Lists are intentionally smaller than npm-top1k.txt for the multi-
ecosystem ships (v0.2 + v0.4): the algorithm is identical across
ecosystems, so a smaller seed still proves the signal end-to-end. Lists
grow in subsequent releases without code changes — only the embedded
snapshot does.
Refreshing
bomdrift refresh-typosquat # all eight ecosystems
bomdrift refresh-typosquat --ecosystem npm
bomdrift refresh-typosquat --ecosystem pypi
bomdrift refresh-typosquat --ecosystem cargo
bomdrift refresh-typosquat --ecosystem nuget
Refreshed lists are written to
<XDG_CACHE_HOME>/bomdrift/typosquat/<ecosystem>.txt via temp-file +
atomic rename. The enricher prefers cache files over the embedded
snapshot when present and parseable.
--ecosystem maven|go|gem|composer are accepted but emit a notice:
Maven Central, pkg.go.dev, RubyGems, and Packagist all lack stable
public popularity feeds (or have had ones that went through breaking
changes). The curated lists shipped in the binary remain the source
of truth; refreshing those means editing data/<eco>-top*.txt and
rebuilding bomdrift. PRs adding names to the curated lists are
welcome.
Calibration
--typosquat-similarity-threshold <FLOAT> (v0.9.6+)

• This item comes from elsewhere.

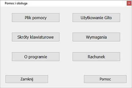 W okienku „Pomoc i obsługa" można wykonać polecenia związane z obsługą programu GITO.![]() Pierwszym przyciskiem otwiera się plik pomocy ten, który właśnie Państwo czytają. Drugi przycisk „Skróty klawiaturowe" pokaże dokument PDF, w którym jest zestawienie wszystkich kombinacji klawiszy, ze wszystkich okien, użytych w programie GITO do uruchamiania komend. „O programie" przywołuje okno, w którym umożliwi kontakt z autorem programu, otwarcie portalu właścicieli budynków jednorodzinnych, zapoznanie się z umową licencyjną. „Użytkowanie Gito" otwiera hipertekstowy instruktaż, który ułatwia szybkie poznanie programu. Przycisk „Wymagania" pokaże okienko, w którym podane są wymagania sprzętowy dla programu GITO. W pliku pomocy powtórzono, jakie minimalne właściwości systemu komputerowego są niezbędne do uruchomienia programu GITO. Wybór polecenia „Rachunek", jak wskazuje nazwa, spowoduje wydruk dokumentu potwierdzającego zakup licencji programu GITO Podczas pracy w okienku „Pomoc i obsługa" są dostępne skróty klawiaturowe: Ctrl + odpowiednia litera. Oto wykaz skrótów dla tego okna: Ctrl + P - dla „Plik pomocy", Ctrl + K - dla „Skróty klawiaturowe", Ctrl + O - dla „O programie", Ctrl + U - dla „Użytkowanie Gito", Ctrl + W - dla „Wymagania", Ctrl + R - dla „Rachunek", i oczywiście te same skróty, jak w innych oknach: Ctrl + M - dla „Pomoc", ESC - dla „Zamknij". . |

Default 0.92, range [0.0, 1.0]. Configurable via CLI flag or
[diff] typosquat_similarity_threshold = <float> in .bomdrift.toml.
The threshold applies to the JW + suffix-boost path (npm, PyPI, Cargo, RubyGems, NuGet, Go, Composer). The Maven Levenshtein-≤-2 path is hardcoded — Levenshtein distance and JW similarity aren’t directly comparable, so a single threshold flag would either over- or under-suppress on Maven.
Recommended ranges:
0.95— very strict; only catches near-perfect matches. Good for tightening down false positives in monorepos with many internally forked dependencies.0.92(default) — calibrated against the top-1000-of-each-ecosystem test corpus to produce zero false positives there.0.85— lenient; catches softer near-misses at the cost of more false positives. Useful for paranoid security review of brand-new PyPI / npm packages.

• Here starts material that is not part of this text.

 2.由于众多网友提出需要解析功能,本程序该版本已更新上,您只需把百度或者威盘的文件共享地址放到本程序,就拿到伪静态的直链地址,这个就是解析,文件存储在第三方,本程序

The threshold also appears in --debug-calibration rows so collected
samples can guide tuning:
typosquat|<purl>|<similarity_score>|0.92
False-positive management
The structural rules + thresholds aim for “no false positives on the top 1000 of each ecosystem.” If you discover a false positive in the wild:
- Add a regression test in
src/enrich/typosquat.rs::testsshowing the false positive doesn’t fire. - Open a PR. Tightening the rule (rather than special-casing the package name) is preferred — drives a cleaner heuristic.
Disabling
Pure compute, no network. There is no --no-typosquat flag — disabling
the typosquat enricher would defeat its primary purpose. To suppress
specific false-positive findings, hand-curate a per-component baseline
entry; see Baseline & suppression — Worked example.
To gate exit code on typosquat findings, use --fail-on typosquat.